В ее глазах промелькнуло недоверие.

- Здесь неподходящее для тебя место. Порядочная девушка среди всевозможных любителей поразвлечься. Разве не так?

Она не слышала ни слова из всего, что я ей сказал. Это было совершенно очевидно.

- У меня ты будешь в безопасности. Работа честная, жизнь прекрасная.

Она что-то пробормотала, взяла поднос и ушла.

Меня охватила досада - я злился и на нее и на самого себя.

* * *

Я провел вечер среди бледно-красных стен "Жанфуаза". Сафия пригласила меня провести ночь у нее, и я согласился - к этому времени я был уже достаточно пьян. Я поведал ей о своих заботах. Когда я стал рассказывать о своем проекте, она вдруг воскликнула:

- Тебе везет! - и, зажигая сигарету, пояснила: - "Жанфуаз". Хозяин хочет продать его.

- Но это казино уж очень убого, - я еле ворочал языком.

- А ты подумай, в каком прекрасном месте оно расположено. Можно организовать всякие увеселения, хорошую кухню.

Она убедила меня, что казино приносит значительный доход даже в таком состоянии, и предсказала ему большой успех в будущем, если его подновить.

- Ты из народа, - говорила она, - и полиция примет это в расчет, а у меня есть большой опыт. Летний сезон будет нам обеспечен, остальная часть года также будет прибыльна за счет ливийцев: они столько денег получают за свою нефть, что им их девать некуда.

- Подготовь мне встречу с хозяином.

- При первом же удобном случае я займусь подбором девушек.

- Договорились.

Она поцеловала меня и спросила:

- А почему бы тебе не перейти жить ко мне?

- Это мысль, но ты должна узнать меня, как следует, в интересах плодотворного сотрудничества. Учти, я не понимаю этой штуки, которая называется любовью.

* * *

Около десяти утра я вернулся в пансионат. Внизу, у лифта, встретил Сархана. Мы оба сделали вид, что не заметили друг друга. Вероятно, Сархан пришел, чтобы нанести визит семье невесты. Неожиданно он повернулся ко мне и сказал:

- А ведь это ты виноват в стычке между мной и Махмудом Абуль Аббасом.

Я не проронил ни звука.

- Он сам сказал мне об этом…

Я молчал. Он начал нервничать.

- Во всяком случае, ты поступил недостойно, не по-мужски.

Я с негодованием повернулся к нему:

- Замолчи, сукин сын!

Через секунду мы уже сцепились. Но тут подоспел привратник с приятелями, и нас разняли. Драка прекратилась, но мы продолжали осыпать друг друга бранью.

- Я научу тебя, как себя вести…

- Погоди у меня! - кричал он.

- Иди сюда, я тебя избавлю от твоей грязной жизни… - не оставался я в долгу.

* * *

В холле, возле радиоприемника, сидели мадам и Талаба-бек.

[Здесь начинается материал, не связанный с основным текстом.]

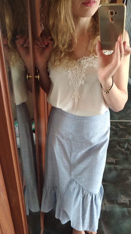 эту же юбку носила с этой майкой с рюшами, фотки нет. Есть с пляжными джинсовыми шортами
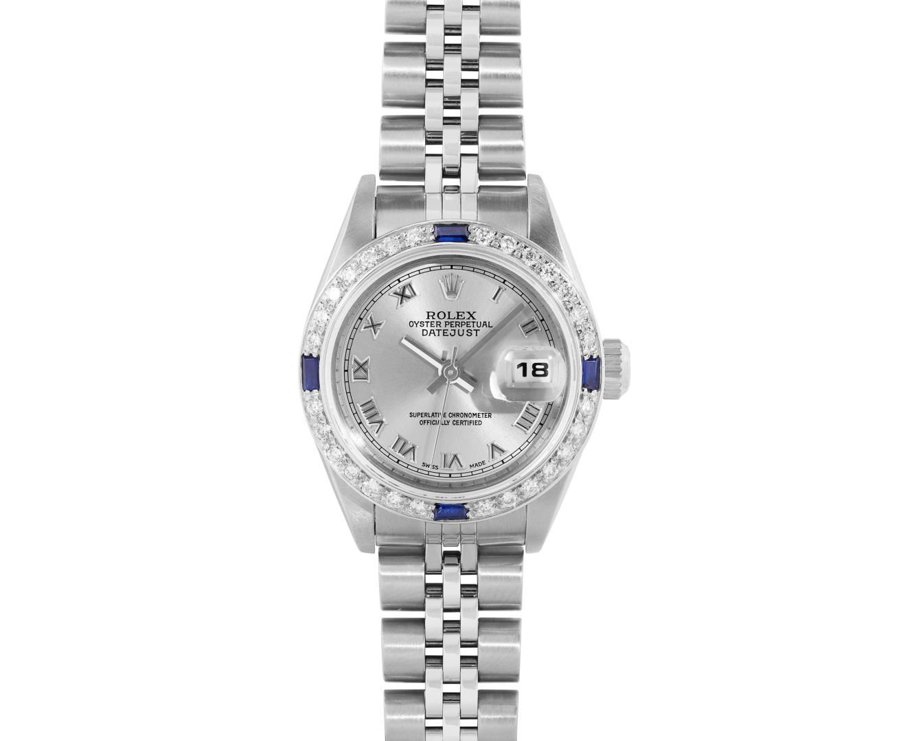 One Rolex Ladies Pre Owned Quickset Stainless Steel Datejust Wristwatch Polished Bright with Satin Finish, Serviced And Electronically Tested, Stainless Steel Case: 26mm, Stainless Steel Crown, Custom Bezel: New 18K White Gold Sapphire Beadset Diamond Bezel, Diamond + Gem Count: 36 Diamonds + 4 Sapphires. Custom Crystal: New Sapphire With Magnified Date Window. Custom Hands: New Solid Hands. Rolex Movement: 2235 Automatic Winding Movement. Rolex Dial: Factory Silver Dial With Roman Hour Markers, and Square Track. Date Window: 3 O'Clock Position Date Display, Model: Quickset Datejust. Condition: G-6 Extra Fine. Rolex Bracelet: Stainless Steel Jubilee Band. Bright Polish And Satin Finish. 6.0 Inch Length, Adjustable. Standard Clasp, With Rolex Logo. This Watch Has Been Serviced Time Tested And Is In Excellent Condition. It Is Free Of All Scratches And Dents. This Watch Comes With A Rolex Box.
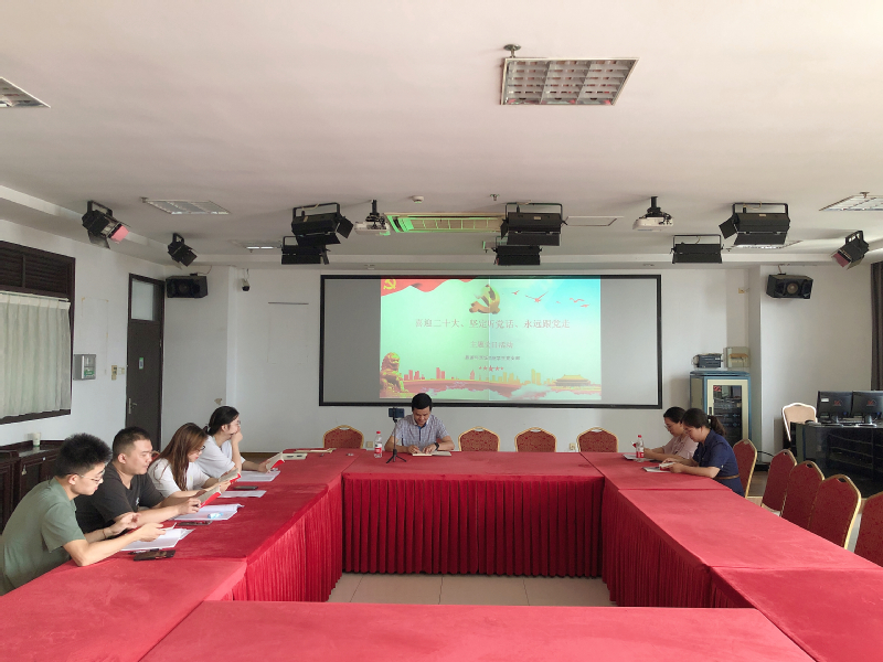 为深入学习宣传贯彻习近平新时代中国特色社会主义思想,以昂扬的斗志和奋进的状态迎接党的二十大胜利召开,6月28日下午,旅游与烹饪公司员工党支部在图文楼908开展“学党章、知党规、严党纪”主题党日活动,支部全体党员以线上线下相结合的方式共同参加,本次活动由员工党支部书记尹奎主持。
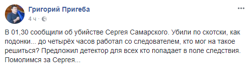 11:50 Заместитель мэра Северодонецка Луганской области Григорий Пригеба сообщил, что убийцы не тронули вещи Самарского и его барсетку с деньгами. По словам Пригебы, это говорит о заказном характере преступления.
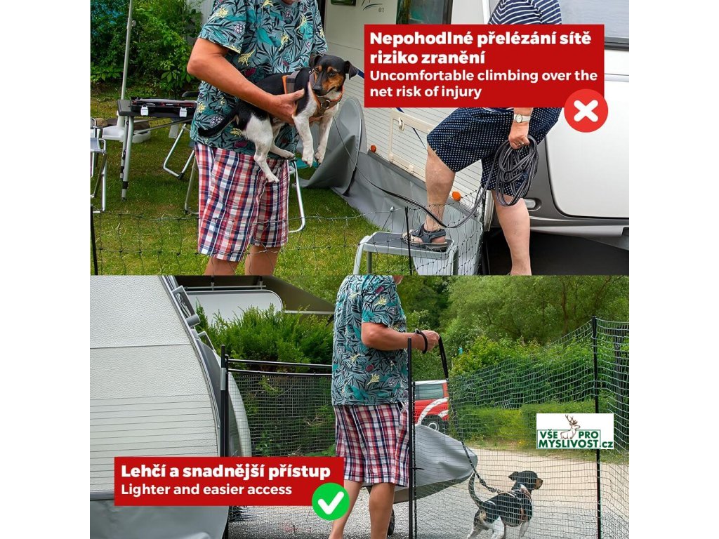 Kempingová sada ideální pro cestování. Poslouží jako mobilní plot pro psy a vymezení bezpečného prostoru kdekoliv potřebujete. Zároveň je velmi oblíbenou alternativou klasického oplocení na zahradách pro ochranu záhonů nebo jako přenosný výběh pro štěňata či jiná drobná domácí zvířátka.
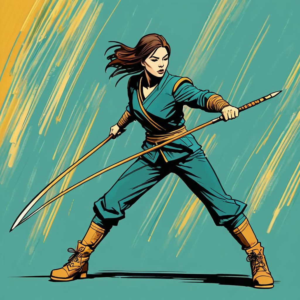 Illustration of a female ninja in a dynamic combat pose wielding two spears. She has medium-length brown hair and sharp features, dressed in a teal martial arts outfit with orange accents, including wrist wraps and boots. The background features abstract teal and yellow streaks, emphasizing movement. The style is a detailed comic or graphic novel illustration.
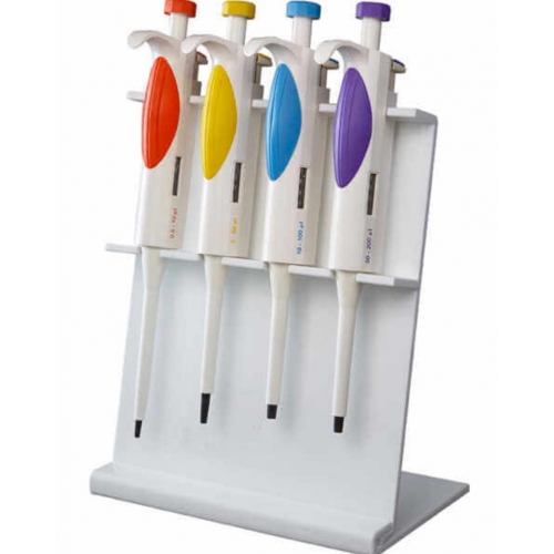 Пластиковые вертикальные стойки-держатели на 4 места, применяются для хранения дозаторов переменного и постоянного объёма в вертикальном положении, когда дозатор не используется.
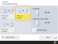 כדי לציין את כיוון המסמך ולשנות את כיוון ההדפסה, לחץ על <הגדרת פרטים>. בחר סוג <סוג ספר> כאשר הכיוון של החלק הקדמי והאחורי של המסמך זהה. בחר <סוג לוח שנה> כאשר הכיוון של החלק הקדמי והאחורי אינו זהה. ניתן גם להגדיר את כיוון הדף של הפלט באמצעות <סוג ספר> או <סוג לוח שנה>.

- Присоединяйся к нам, - сказала мадам, - мы думаем, как лучше провести новогодний вечер. Талаба-бек считает, что нужно пойти в казино "Монсиньор", а Амер-бек предпочитает провести его здесь.

- А где Амер-бек?

- Не выходит из комнаты, ему холодно…

- Ну и пусть сидит, а мы пойдем в "Монсиньор". Надо повеселиться как следует, до утра!

Немного помолчав, я сообщил ей:

- Наконец-то мой проект осуществляется!

Она внимательно выслушала меня, и на ее лице отразилось явное разочарование.

- Не торопись… подумай…

- Хватит мне уже думать.

- Кафе "Мирамар" лучше, - сказала она и, поколебавшись, добавила: - Я серьезно намерена войти к тебе в долю.

Я говорил с ней о "Мирамаре", о "Жанфуазе", а думал о том, как веселее, приятнее провести новогоднюю ночь.

В тот же вечер я познакомился с хозяином "Жанфуаза". Мы встретились в его кабинете и довольно быстро пришли к принципиальному соглашению о купле-продаже казино. Он пригласил меня к себе домой на вечеринку после закрытия заведения. Придя туда, я встретил Сафию. Речь зашла о новогодней ночи, и мы договорились провести ее вместе в "Жанфуазе". Я поздравил себя с тем, что избавился от необходимости встречать новый год со стариками…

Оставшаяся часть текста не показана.